A speech-to-text (STT) system, or sometimes called automatic speech recognition (ASR) is as its name implies: A way of transforming the spoken words via sound into textual data that can be used later for any purpose.

Speech recognition technology is extremely useful. It can be used for a lot of applications such as the automation of transcription, writing books/texts using sound only, enabling complicated analysis on information using the generated textual files and a lot of other things.

Some of them come with preloaded and trained dataset to recognize the given voices in one language and generate the corresponding texts, while others just give the engine without the dataset, and developers will have to build the training models themselves. This can be a complex task, similar to asking someone to do my online homework for me, as it requires a deep understanding of machine learning and data handling.

The difference between proprietary speech recognition and open source speech recognition, is that the library used to process the voices should be licensed under one of the known open source licenses, such as GPL, MIT and others.

Microsoft and IBM for example have their own speech recognition toolkits that they offer for developers, but they are not open source. Simply because they are not licensed under one of the open source licenses in the market.

Mainly, you get few or no restrictions at all on the commercial usage for your application, as the open source speech recognition libraries will allow you to use them for whatever use case you may need.

Probably one of the oldest speech recognition software ever, as its development started in 1991 at the University of Kyoto, and then its ownership was transferred to as an independent project in 2005. A lot of open source applications use it as their engine (Think of KDE Simon).

Julius main features include its ability to perform real-time STT processes, low memory usage (Less than 64MB for 20000 words), ability to produce N-best/Word-graph output, ability to work as a server unit and a lot more.

This software was mainly built for academic and research purposes. It is written in C, and works on Linux, Windows, macOS and even Android (on smartphones). Currently it supports both English and Japanese languages only.

While it can be used for way more than just speech recognition, it is a good engine nonetheless for this use case. You can either build your own training models for it, or use models which are shipped by default. It supports parallel processing using multiple GPUs/Multiple CPUs, besides a heavy support for some NVIDIA technologies like CUDA and its strong graphics cards.

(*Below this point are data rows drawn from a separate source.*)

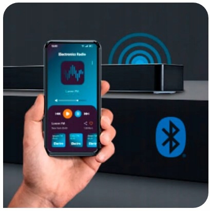 - Беспроводная передача музыки со смартфона или планшета (Bluetooth® v5.1, радиус действия 8 м, в зависимости от условий окружающей среды)
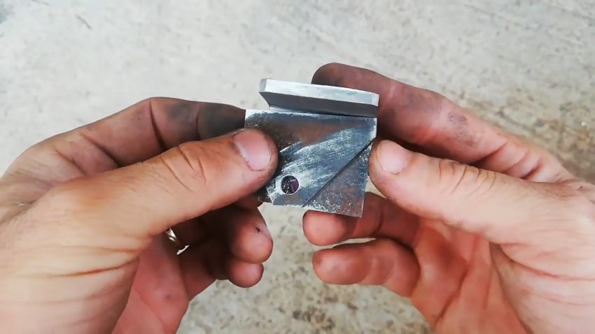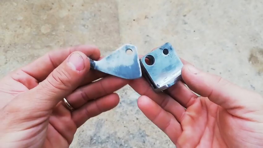 Согласно размеру детали из уголка выполняем сопрягаемую деталь из пластины: срезаем нижние углы и на конце сверлим отверстие. На нее укладываем шайбу и сверху прижимам квадратной пластиной, которую привариваем к вертикальной части детали из уголка.
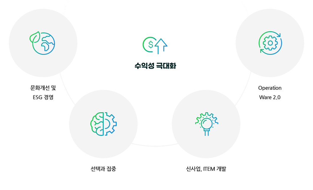 수익성 극대화 - 문화개선 및 ESG 경영/선택과 집중/신사업, ITEM 개발/Operation Ware 2.0
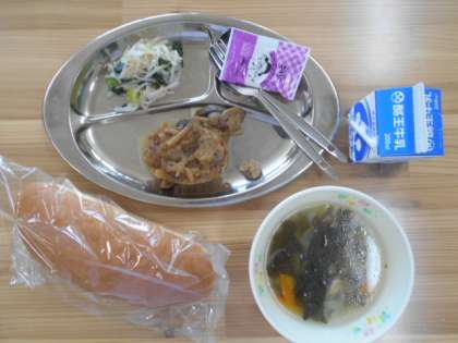 なお、上の写真は<検食用>で量を少なめにしてあります。子どもたちの給食はもっとボリュームがあります。
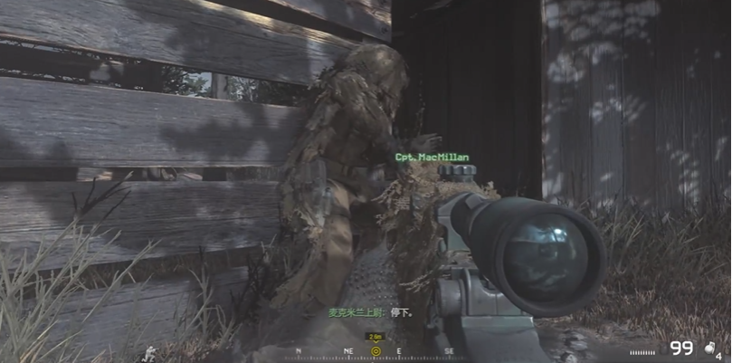 潜行阶段需全程趴下缓慢爬行,尤其在穿越开阔草地时,任何快速移动都可能触发敌人警觉。麦克米兰会提示巡逻队路线,玩家必须等待其背对或远离后再行动。若被迫交火,优先使用副武器快速解决近距离威胁,狙击枪仅用于必要击杀。装甲车等重型单位无法直接摧毁,需依靠环境绕行或利用爆炸物制造混乱。
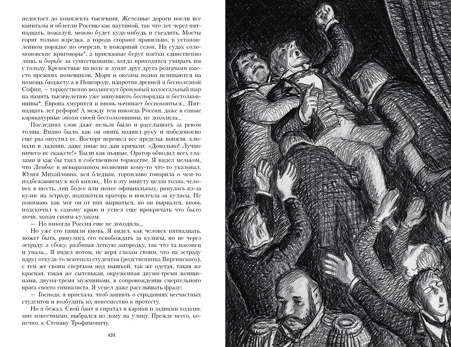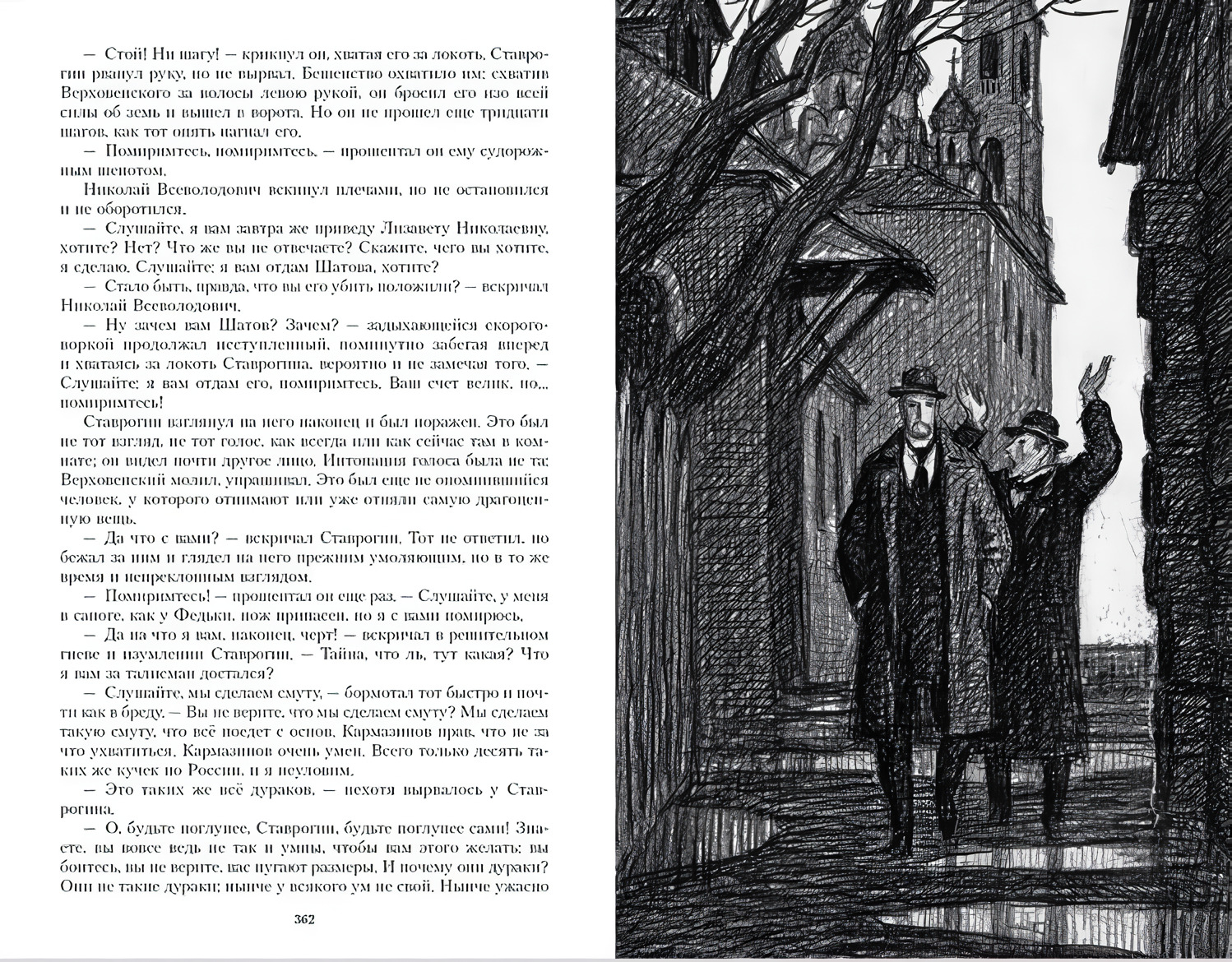 Artist Yuri Hershkovich to become Dostoevsky. In his illustrations, the darkness, abomination and anguish of human existence are refracted into evil caricature types juggling meaning, truth and other people’s lives.
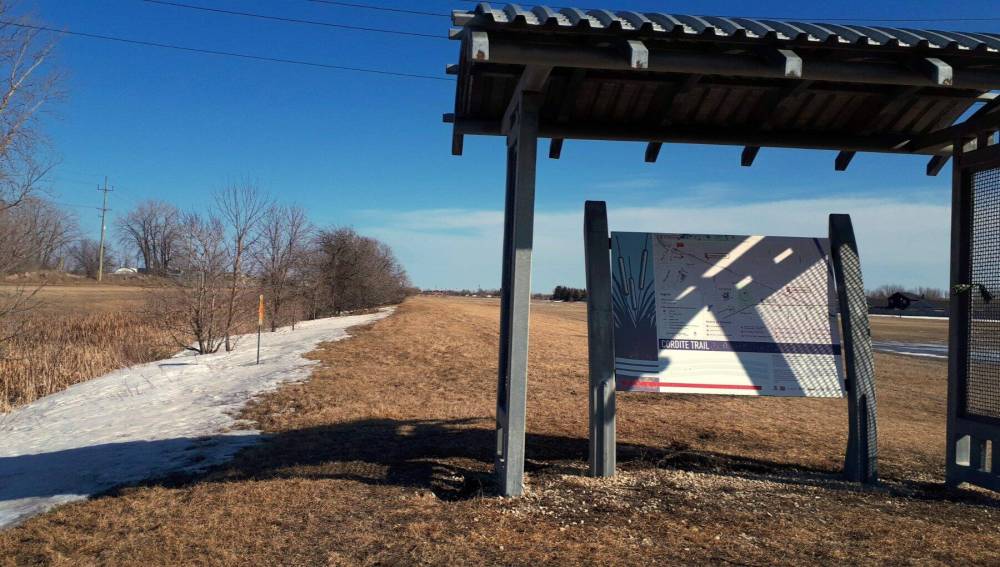 This sign on the east side of Lagimodière Boulevard, north of Grassie Boulevard, marks the Cordite Trail.
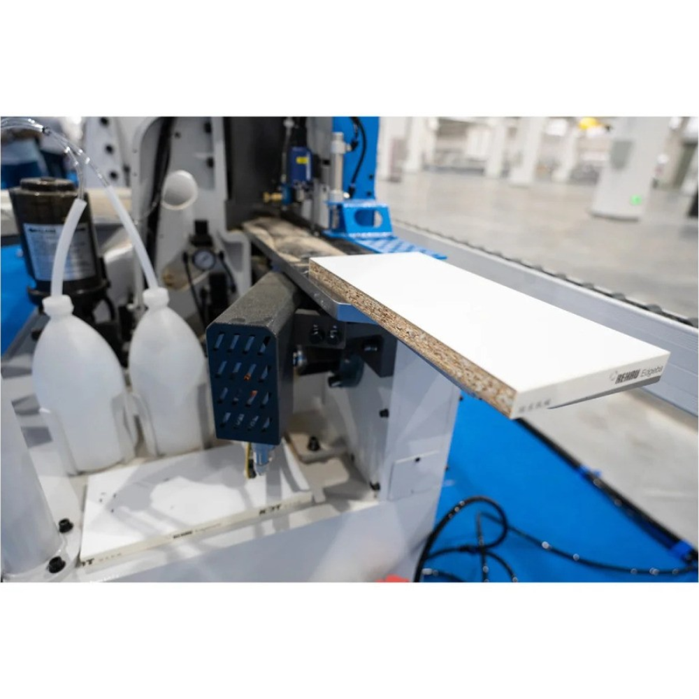 Dvostruki rondomat sa dva servomotora i pneumatskim podešavanjem omogućava obradu četiri različita profila i osigurava optički savršene uglove bez potrebe za ručnim doradama.

It also works on Raspberry Pi, iOS and android devices, and provides a streaming API which allows you to connect to it to do your speech recognition tasks online. Vosk has bindings for Java, Python, JavaScript, C# and NodeJS.

Also supports end-to-end ASR. It follows Kaldi style for data processing, so it would be easier to migrate from it to ESPnet. The main marketing point for ESPnet is the state-of-art performance it gives in many benchmarks, and its support for other language processing tasks such as speech-to-text (STT), machine translation (MT) and speech translation (ST).

The main marketing point for Whisper is that it does not specialize in a set of training datasets for specific languages only; instead, it can be used with any suitable model and for any language. It was trained on 680 thousand hours of audio files, one third of which were non-English datasets.

The newest speech recognition library on the list, which was just released in the middle of November, 2023. It employs diffusion techniques with large speech language models (SLMs) training in order to achieve more advanced results than other models.

If you are building a small application that you want to be portable everywhere, then Vosk is your best option, as it is written in Python and works on iOS, android and Raspberry pi too, and supports up to 10 languages. It also provides a huge training dataset if you shall need it, and a smaller one for portable applications.